Ask Knox

Every team says they care about code quality. Most teams mean it. The gap is not intention — it is enforcement.

A quality guideline says "aim for 90% test coverage." A quality gate says "if coverage is below 90%, the build fails and no one merges." The second statement is structurally different from the first. It removes the human decision from the loop. There is no "just this once" on a deadline. There is no "we'll add tests next sprint." The gate is the standard, and the standard is enforced by the CI system, not by individual judgment under pressure.

The Agent Broker's CI gate has three requirements. Each one exists because a specific class of failure was observed. Understanding why each threshold was set is as important as knowing the threshold.

Gate 1 — 90% Unit Coverage

The 90% coverage floor is a deployment gate. CI will not pass, and therefore code will not merge to main, if coverage drops below 90%.

Why 90% Specifically

The 90% threshold is a practical calibration, not an arbitrary number. It was arrived at by asking: what coverage level ensures that the most consequential code paths have been exercised in a controlled environment?

At 80% coverage, it is entirely possible for entire subsystems to have zero tests. In the Agent Broker at 88%, the kill switch API had 35% coverage, the dispatcher had 53% coverage, and the audit API had 45% coverage. These are not edge cases — they are core operational components. The 10 points between 80% and 90% is not a small margin. It is the difference between a codebase where everything critical has been run in a test environment and a codebase where significant operational components have never been exercised.
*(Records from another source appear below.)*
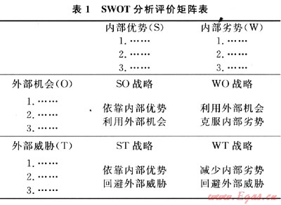 所謂SWOT分析,是指通過綜合考慮企業(yè)內(nèi)部條件和外部環(huán)境的各種岡素(包括內(nèi)部的優(yōu)勢和劣勢以及外部的機(jī)會(huì)和挑戰(zhàn)),對企業(yè)進(jìn)行系統(tǒng)評價(jià),從而選擇最佳經(jīng)營戰(zhàn)略的方法。企業(yè)通過識別自身存在的優(yōu)劣勢及環(huán)境帶來的機(jī)會(huì)和威脅來做出迅速反應(yīng)和果斷決策,從而將調(diào)查得出的各種因素根據(jù)輕重緩急或影響程度等排序方式,構(gòu)造SWOT矩陣(表1)。
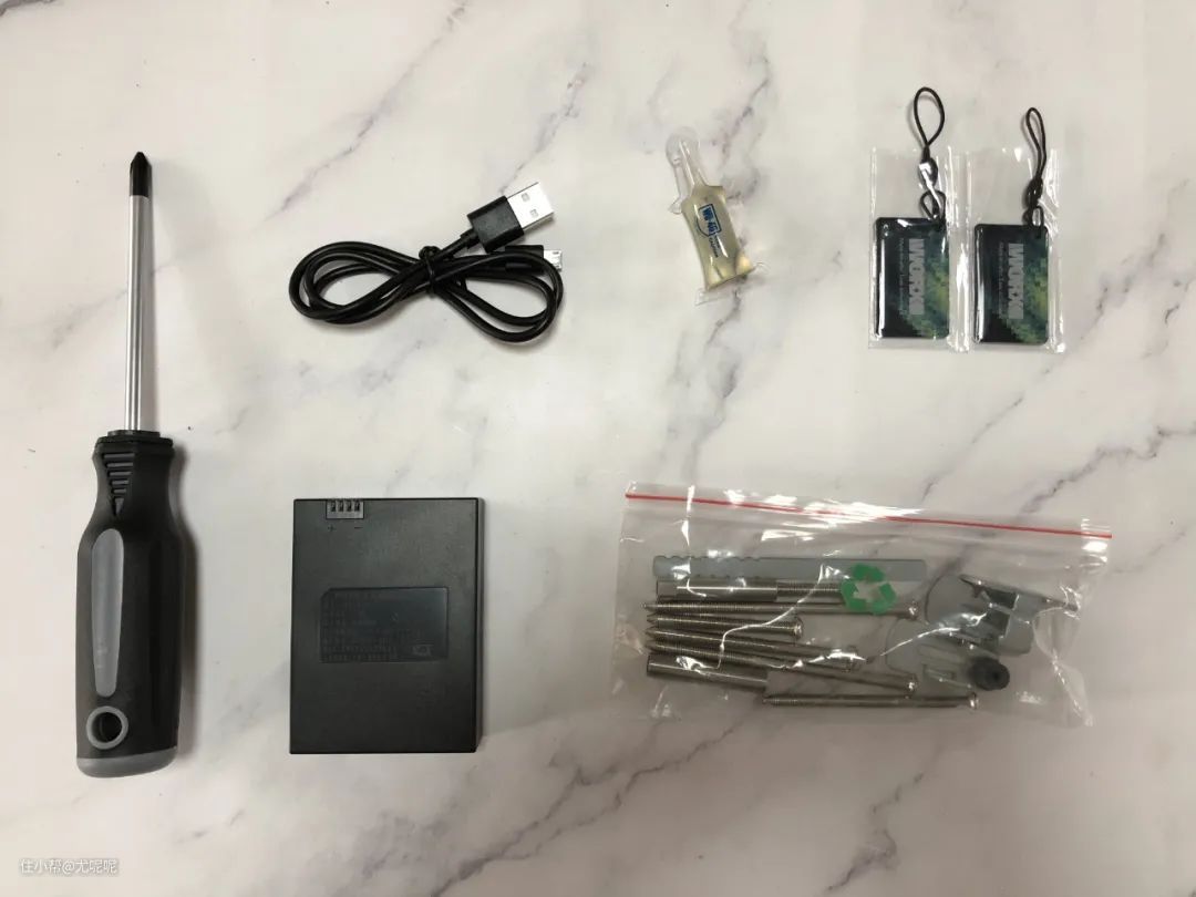 从题目中就可以看出,这款指纹锁最大的优势就是可以快装,所以我就先和大家聊聊这款指纹锁的安装。可以从配件图中看到,这款指纹锁是没有锁芯一起发货过来的,所以这款指纹锁是可以完美匹配原锁芯的,完全不必扩孔或者更换锁芯。
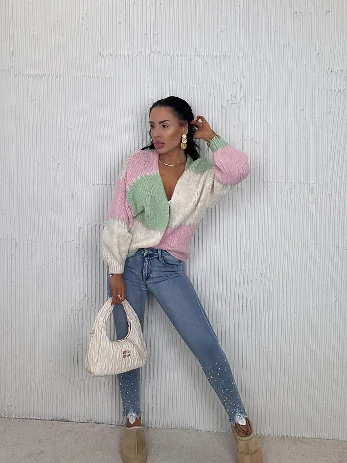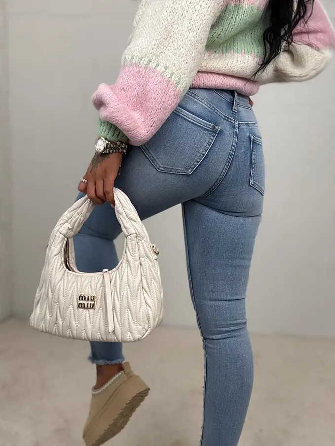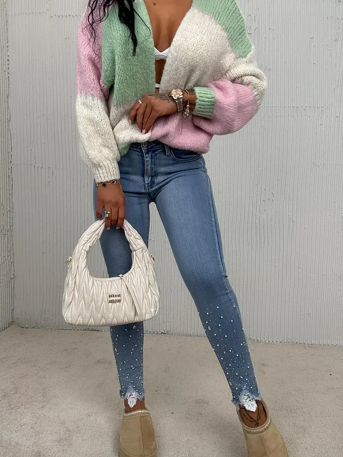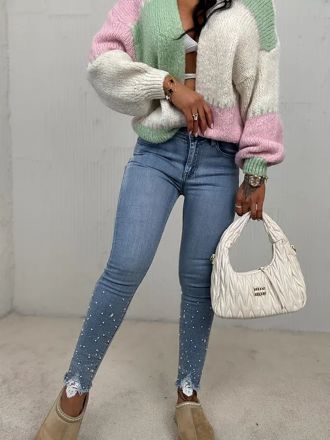 Kövecskékkel és gyöngyökkel díszített magas derekú skinny farmer

At 95%+ coverage, the marginal tests are often testing error paths that require highly specific mock setups for minimal benefit. The cost-to-benefit ratio shifts. 90% sits in the zone where every meaningful code path is covered and the additional effort to push higher would be spent on diminishing returns.

What 90% Actually Prevents

Test coverage does not prevent bugs in covered code. A function can be called in a test, pass, and still have bugs that emerge under different conditions. Coverage prevents a specific, distinct failure class: code that has never been executed in a controlled environment reaching production.

Uncovered code in a production system is code that has only ever been run in production. You do not know what it does under error conditions. You do not know if it handles edge cases correctly. You do not know if a refactor broke it, because no test will catch the regression.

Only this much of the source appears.